O melhor do romance-ensaio-filosófico de Tércia Montenegro é que ela constrói uma personagem que avança sobre os temores que rondam a expressão das mulheres sobre si mesmas e se essa expressão for a sexual, muitas vezes até as palavras ficam escassas. O que não acontece com Teresa. Farta de ideias, a linguagem salta no livro com naturalidade, bom humor, talhada para tornar o sexo sensorial, feito com o todo o corpo: tato, paladar, olfato, visão.
É neste espaço da escrita-fala que invade o corpo feminino sob o olhar atento de uma mulher que a estreante Betania Moura decidiu trafegar. Sua experiência em trabalhar com mulheres vem de longa data dirigindo grupos de estudos sobre arquétipos femininos baseados nos mitos da literatura grega. É autora de A roda das deusas – Deusa arquétipo do feminino.

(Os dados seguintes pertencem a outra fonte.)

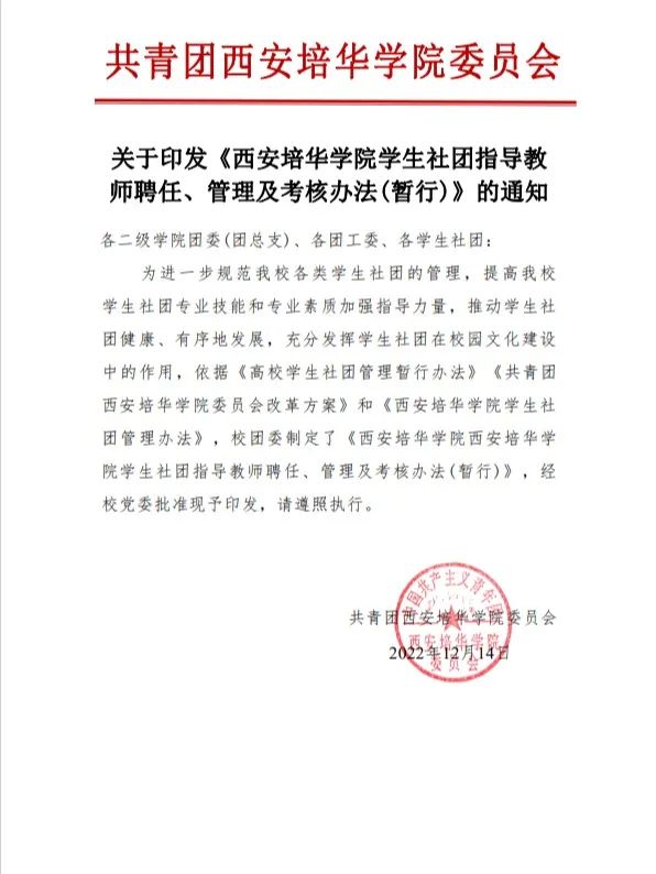 配备配齐社团指导老师,制定了《西安培华学院社团指导老师聘任、管理及考核办法》。

No entanto, confessa, que quando organizou seus textos para publicação, a crônica “Aquela que não tem nome” havia ficado no meio do livro.
A crônica mudou de lugar na coletânea e passou a recepcionar os leitores que ficam sabendo que, durante uma roda de conversa sobre as reflexões em torno do feminino, “Aquela que não tem nome” se pôs na conversa. Por que, praticamente, todas as partes do corpo têm seus nomes ditos e “ela” esconde-se em “apelidos, nomeações incompreensíveis, cheias de escárnios”? Se a maioria das crônicas que compõem “Anjos, buracos, pedras e moinhos” surgiram durante a pandemia, esta especificamente já havia sido escrita em outros tempos pré-pandêmicos.
“Confesso que fiquei receosa com o impacto que esse texto pudesse causar”, confessa Betânia. Entre os receios estava o político. “Estamos vivendo um tempo retrógrado”, pontua a escritora de estreia da literatura com um livro de crônicas e o primeiro diálogo posto é com a “inominável”. O temor da linguagem se presentifica no texto: “Fogueiras, apedrejamento, calçadas, ruas, esquinas, becos povoados pelo medo. Somos nós, eu, você, menina, mulher, de outros tempos, do agora”.
Nas entrelinhas da crônica, uma história da palavra proibida. “É preciso escutar os sussurros dos ancestrais para acalentar o peito, aliviar a dor descabida com unguentos para a alma”, sugere a escritora no texto. Aos poucos, porém, a “Vulva” aparece: “Ave, axé, eia, saravá, eparreyoya, aloha”.
Ao longo da coletânea de crônicas que compõem a obra de Betania Moura, outras mulheres surgem como a Rosa, três filhos, copeira a vida inteira e uma aposentadora à espreita. O maior de sua vida era receber rosas. A memória da infância, a velhice à beira da vida. “Estou me apropriando dela – a velhice – sem negá-la”, afirma Betania, “mas também sem romantizar que a velhice é tão boa assim. Ela traz limites para o corpo”, afirma. Na mandala de textos, o leitor pode observar múltiplas experiências transformadas em linguagem seja a captada do tempo de agora, seja nas profundezas de uma memória que traz à tona flagrantes retratos da vida.